Work request:
Reproduce exactly the lines of the material beneath, from the line that contains "Informations Techniques : Dimensions" to the line that contains "仕様とモデル 135*280mm 200個/箱,190*360mm", both included, and no other lines.

Recorded data:
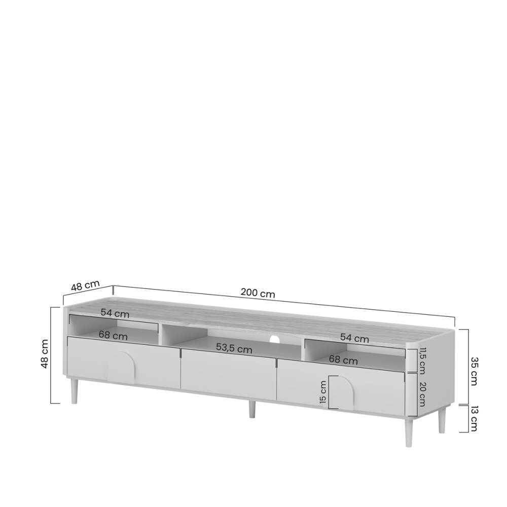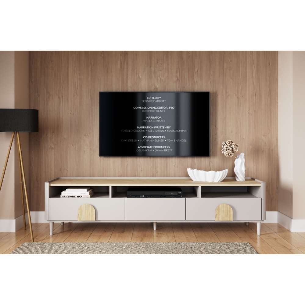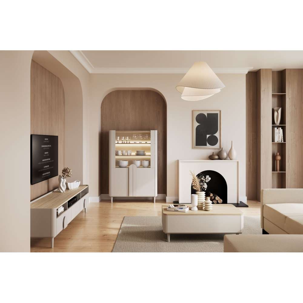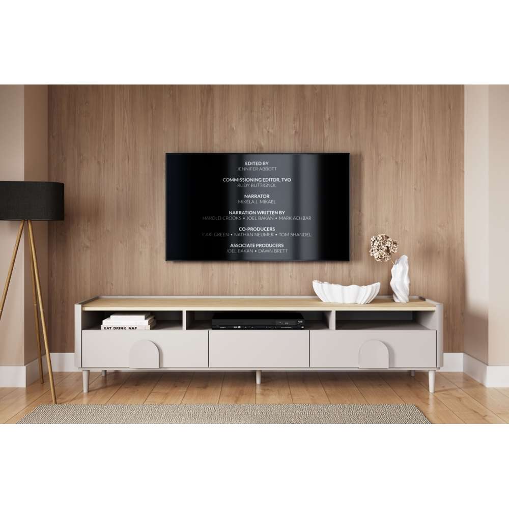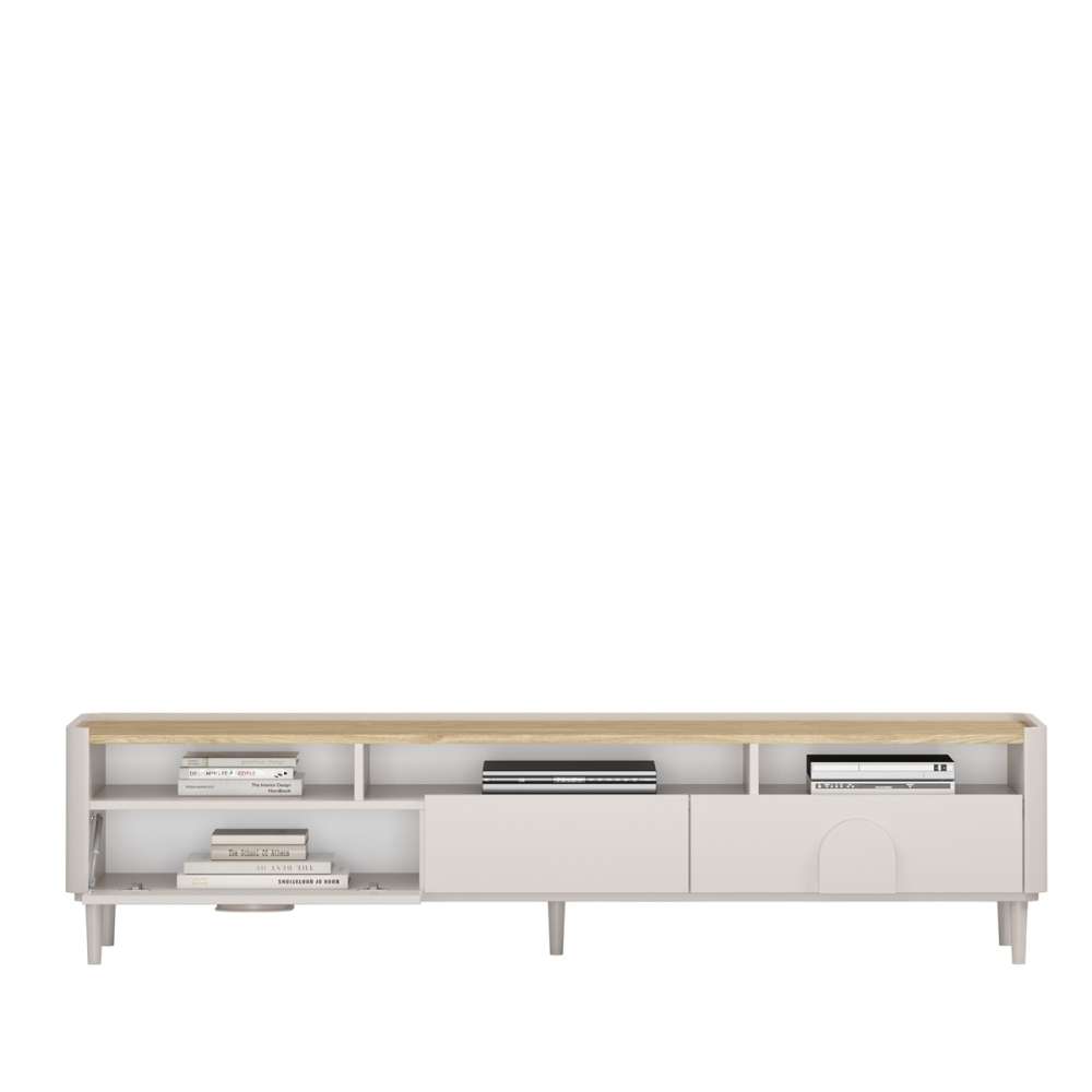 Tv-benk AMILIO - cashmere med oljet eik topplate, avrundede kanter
--
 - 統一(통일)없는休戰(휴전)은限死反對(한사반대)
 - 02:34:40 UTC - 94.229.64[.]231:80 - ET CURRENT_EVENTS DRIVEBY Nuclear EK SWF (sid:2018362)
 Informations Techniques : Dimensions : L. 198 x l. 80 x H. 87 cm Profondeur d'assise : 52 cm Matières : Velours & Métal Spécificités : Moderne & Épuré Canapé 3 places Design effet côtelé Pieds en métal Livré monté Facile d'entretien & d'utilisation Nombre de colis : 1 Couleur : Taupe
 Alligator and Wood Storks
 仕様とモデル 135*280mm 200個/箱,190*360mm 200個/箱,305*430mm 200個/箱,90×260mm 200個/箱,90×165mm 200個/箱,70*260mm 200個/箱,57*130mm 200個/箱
* * *
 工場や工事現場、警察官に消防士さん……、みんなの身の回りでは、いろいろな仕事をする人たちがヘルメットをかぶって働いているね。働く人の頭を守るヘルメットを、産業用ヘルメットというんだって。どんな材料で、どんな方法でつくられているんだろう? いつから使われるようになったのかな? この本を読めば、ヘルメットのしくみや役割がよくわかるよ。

Solution:
 Informations Techniques : Dimensions : L. 198 x l. 80 x H. 87 cm Profondeur d'assise : 52 cm Matières : Velours & Métal Spécificités : Moderne & Épuré Canapé 3 places Design effet côtelé Pieds en métal Livré monté Facile d'entretien & d'utilisation Nombre de colis : 1 Couleur : Taupe
 Alligator and Wood Storks
 仕様とモデル 135*280mm 200個/箱,190*360mm 200個/箱,305*430mm 200個/箱,90×260mm 200個/箱,90×165mm 200個/箱,70*260mm 200個/箱,57*130mm 200個/箱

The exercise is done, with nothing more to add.